Medium Rotation — Desire, I Want to Turn Into You; in|FLUX

CAROLINE POLACHEK Desire, I Want to Turn Into You (Perpetual Novice) — The first words Caroline Polachek sings on her new album, Desire, I Want to Turn Into You, are “Welcome to my island.” Delivered in a tone that bridges the distance between robotic and seductive, the line is suitable statement of introduction. Although there are other artists that are sympathetically aligned with the offbeat electronica and pop music Polachek crafts — the iconoclasm of U.S Girls comes to mind, as does the laser-cut precision of Robyn — she truly does seem to be out on her own, vast oceans between her and any contemporary and predecessor. (It’s not for nothing that she can get fellow wanderer Grimes to pitch in on the album, yelping along alongside Dido on “Fly to You”). If “Crude Drawings of an Angel” is initially a little like vintage Everything But the Girl, it quickly becomes evident that it’s infested with enrapturing oddity, like it was invade by creeping, benevolently parasitic ivy of invention. Sometimes she sounds triumphant (“I Believe”) and sometimes elegantly downbeat (“Hopedrunk Everlasting”). The through line is clear: vivid originality. In addition to those mentioned, quench your desire for great music with the following cuts: “Bunny Is a Rider,” the flamenco-shaded “Sunset,” “Blood and Butter,” and “Smoke.”
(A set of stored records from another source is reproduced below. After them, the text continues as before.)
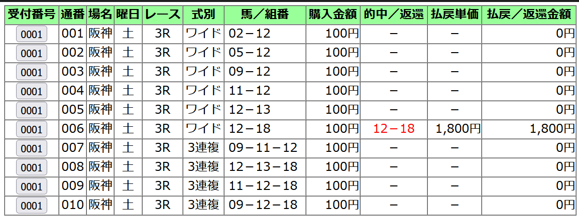 三連複 3260円的中! (18点)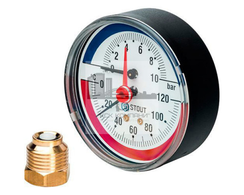 Описание - Термоманометр аксиальный 80 мм 10 бар Stout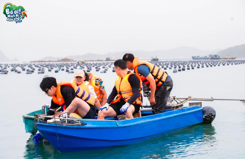 Tại bãi nuôi hàu, các bố lần đầu trải nghiệm công việc của ngư dân – vất vả và đầy kỹ thuật. Sau đó, các bố cũng có cơ hội thưởng thức hàu ngay tại chỗ. Bố Phan Đinh Tùng hào hứng chia sẻ: “Đây là lần đầu tiên Tùng được tự tay kéo hàu, cắt dây, tách hàu và thưởng thức hàu tươi tại chỗ. Dù còn mặn nhưng vị béo, vị tươi thì không đâu sánh bằng”. Những trải nghiệm giản dị nhưng chân thực ấy khiến các bố thêm thấu hiểu cuộc sống mưu sinh của người dân biển đảo.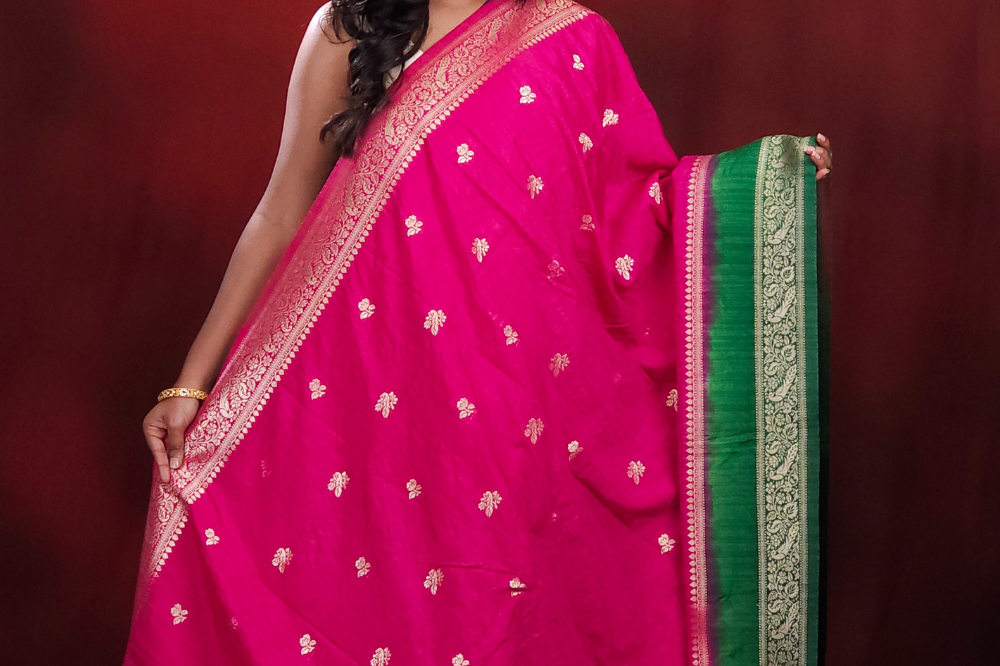 Experience the timeless beauty of 100% Pure Silk Handloom Gadwal Sarees, crafted by skilled artisans and certified by Silk Mark for purity. These sarees feature intricate handwoven zari patterns, rich textures, and a lightweight feel that makes them ideal for weddings, festive occasions, and cultural celebrations.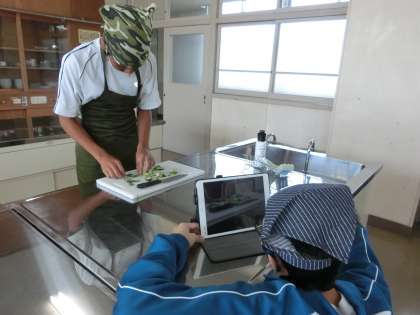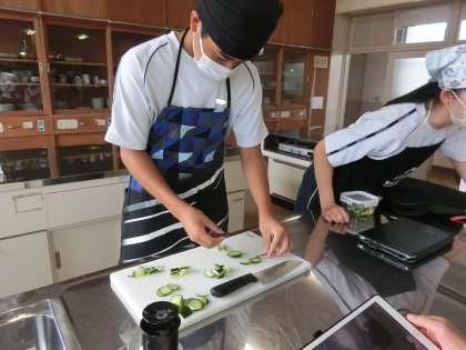 今日は調理室での実習。テーマは「きゅうりを安全に切ろう!」です。7種類の切り方を10分という制限時間内に行い、その出来栄えや手際の良さ、もちろん安全面も確認していきます。ペアになり、タブレットでお互いの活動の様子も記録していきます。ぎこちない手つきの生徒もいましたが、制限時間もしっかり守り、きゅうりの7種切りを完成させていました。

ANNA B SAVAGE in|FLUX (City Slang) — For her second full-length album, Anna B Savage expands her scope and narrows her focus. Previously committed to creating entirely on her own, or nearly so, Savage brought in more collaborators for in|FLUX. She also dug deeper into her own being to craft songs that examine the contradictory emotions that can make simply living as confusing as sharing a wind tunnel with a boxcar-filling quantity of styrofoam peanuts. Opening cut “The Ghost” sets the tone with its consideration of the way the wounded feelings of past relationships can linger set to posh music that’s all left turns. On the record, Savage often come across like Anna Calvi with the intensity dialed back, but the real cryptology key might be “The Orange,” which suggests Laurie Anderson mounting an art piece as a chanteuse. Want more? Check out the vivid title cut, “Pavlov’s Dog,” “Crown Shyness,” “Feet of Clay,” and “Touch Me.”